## THE PROBLEM
In the listing below, find the line with "You can't beat" and the line with "Fototapeta 3D Okno", then return them and every line between them exactly, minus the pictures.

## EXCERPTED RECORDS
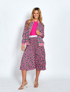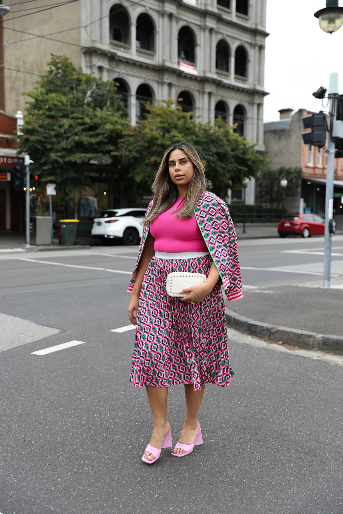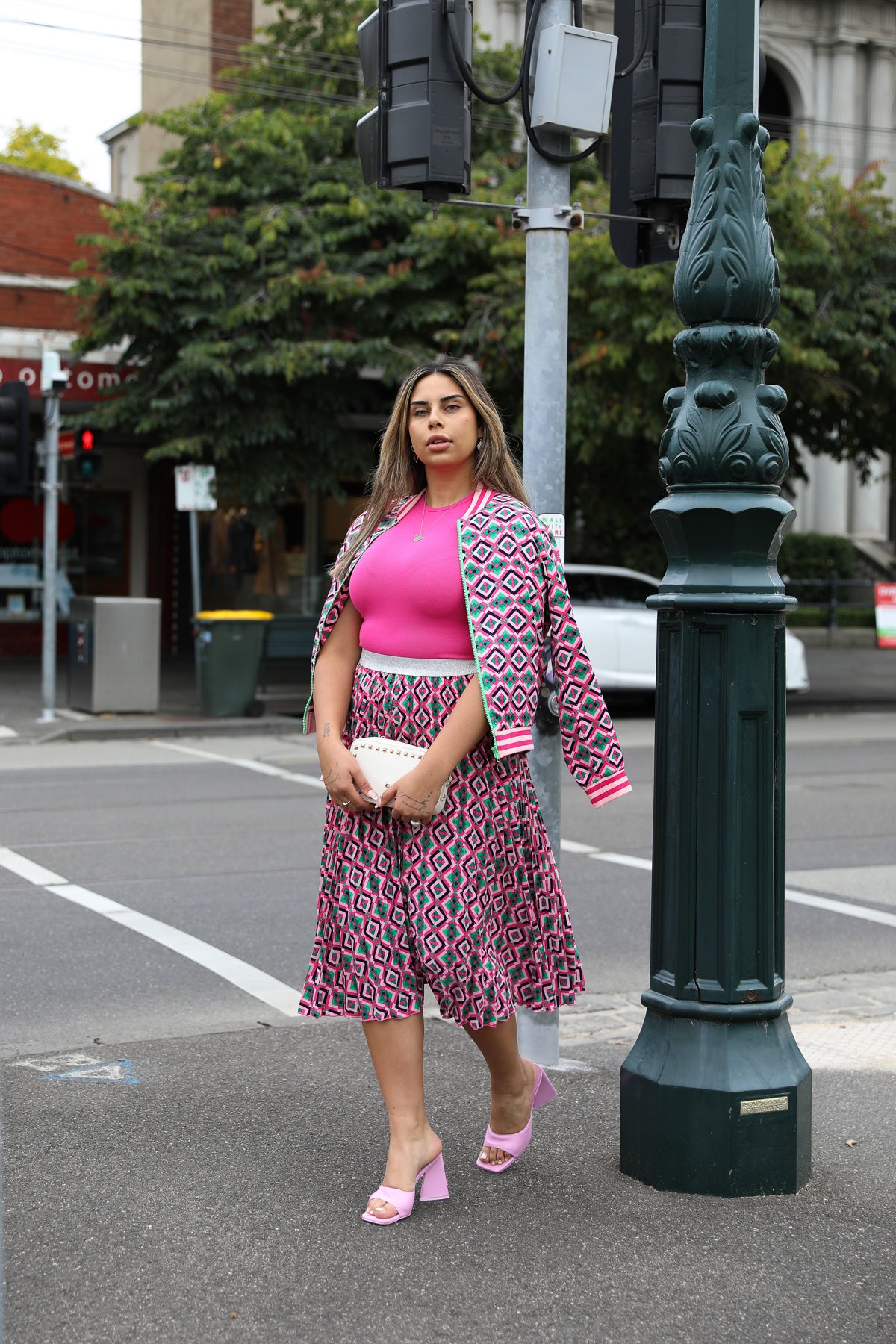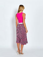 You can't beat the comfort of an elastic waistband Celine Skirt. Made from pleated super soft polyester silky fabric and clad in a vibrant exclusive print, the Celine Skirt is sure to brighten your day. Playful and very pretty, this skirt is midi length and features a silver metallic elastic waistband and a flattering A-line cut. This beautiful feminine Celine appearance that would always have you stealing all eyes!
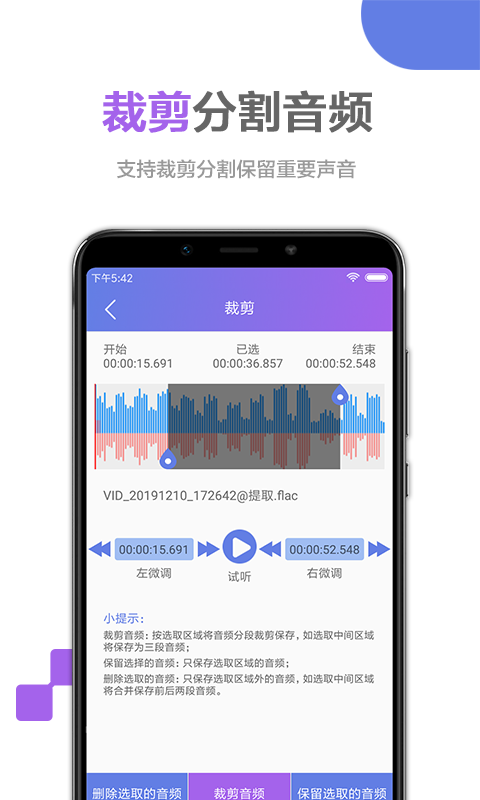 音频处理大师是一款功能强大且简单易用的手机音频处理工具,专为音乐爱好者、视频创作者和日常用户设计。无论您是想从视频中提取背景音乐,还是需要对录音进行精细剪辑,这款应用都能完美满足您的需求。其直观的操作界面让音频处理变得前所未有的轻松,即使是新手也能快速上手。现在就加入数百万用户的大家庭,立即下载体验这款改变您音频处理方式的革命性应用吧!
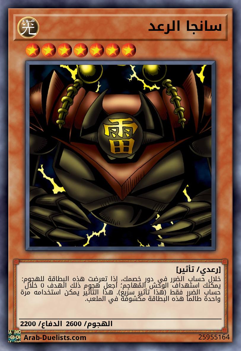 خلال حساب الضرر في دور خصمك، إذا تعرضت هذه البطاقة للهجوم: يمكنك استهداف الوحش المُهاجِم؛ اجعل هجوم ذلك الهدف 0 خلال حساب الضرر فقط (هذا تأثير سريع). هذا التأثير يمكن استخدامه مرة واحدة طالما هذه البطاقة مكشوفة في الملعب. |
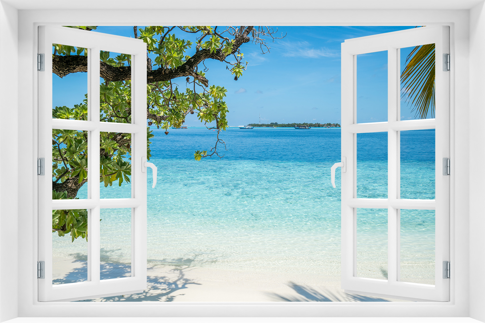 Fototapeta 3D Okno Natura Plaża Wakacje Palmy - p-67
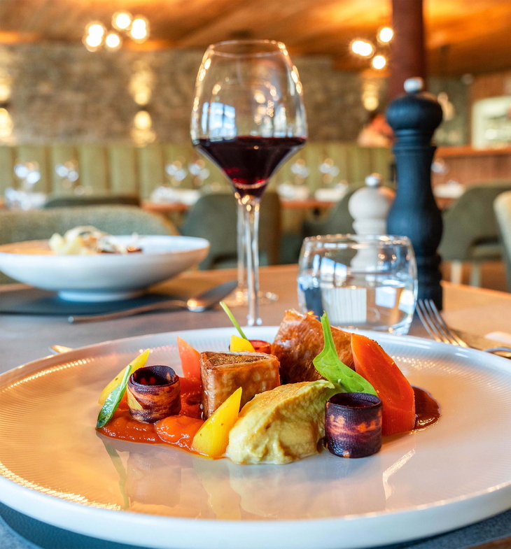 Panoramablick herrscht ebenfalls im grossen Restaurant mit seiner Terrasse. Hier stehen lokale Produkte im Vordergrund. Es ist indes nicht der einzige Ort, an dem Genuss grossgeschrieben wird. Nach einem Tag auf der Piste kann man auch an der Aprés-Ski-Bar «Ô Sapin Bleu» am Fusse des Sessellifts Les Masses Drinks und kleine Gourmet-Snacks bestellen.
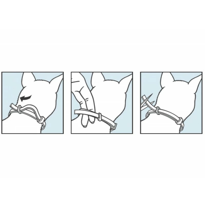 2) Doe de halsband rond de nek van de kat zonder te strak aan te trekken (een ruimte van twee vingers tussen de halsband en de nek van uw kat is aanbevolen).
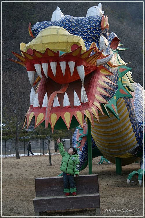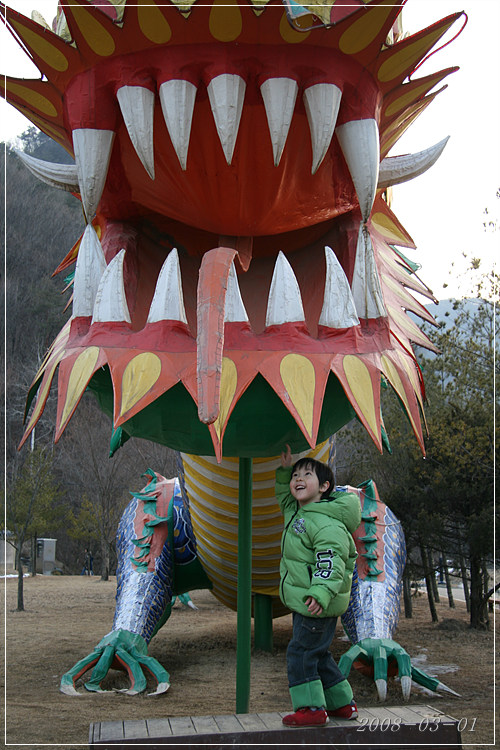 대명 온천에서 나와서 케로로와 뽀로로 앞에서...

* * *

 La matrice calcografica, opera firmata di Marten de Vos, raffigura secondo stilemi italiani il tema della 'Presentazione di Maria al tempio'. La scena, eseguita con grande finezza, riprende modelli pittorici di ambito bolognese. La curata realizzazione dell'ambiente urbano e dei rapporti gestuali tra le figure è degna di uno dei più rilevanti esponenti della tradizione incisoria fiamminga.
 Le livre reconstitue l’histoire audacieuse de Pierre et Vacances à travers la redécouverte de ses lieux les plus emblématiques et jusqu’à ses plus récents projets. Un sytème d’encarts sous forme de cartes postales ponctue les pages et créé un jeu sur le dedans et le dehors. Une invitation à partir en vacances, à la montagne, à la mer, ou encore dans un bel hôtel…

## EXERCISE RESULT
 You can't beat the comfort of an elastic waistband Celine Skirt. Made from pleated super soft polyester silky fabric and clad in a vibrant exclusive print, the Celine Skirt is sure to brighten your day. Playful and very pretty, this skirt is midi length and features a silver metallic elastic waistband and a flattering A-line cut. This beautiful feminine Celine appearance that would always have you stealing all eyes!
 音频处理大师是一款功能强大且简单易用的手机音频处理工具,专为音乐爱好者、视频创作者和日常用户设计。无论您是想从视频中提取背景音乐,还是需要对录音进行精细剪辑,这款应用都能完美满足您的需求。其直观的操作界面让音频处理变得前所未有的轻松,即使是新手也能快速上手。现在就加入数百万用户的大家庭,立即下载体验这款改变您音频处理方式的革命性应用吧!
 خلال حساب الضرر في دور خصمك، إذا تعرضت هذه البطاقة للهجوم: يمكنك استهداف الوحش المُهاجِم؛ اجعل هجوم ذلك الهدف 0 خلال حساب الضرر فقط (هذا تأثير سريع). هذا التأثير يمكن استخدامه مرة واحدة طالما هذه البطاقة مكشوفة في الملعب. |
 Fototapeta 3D Okno Natura Plaża Wakacje Palmy - p-67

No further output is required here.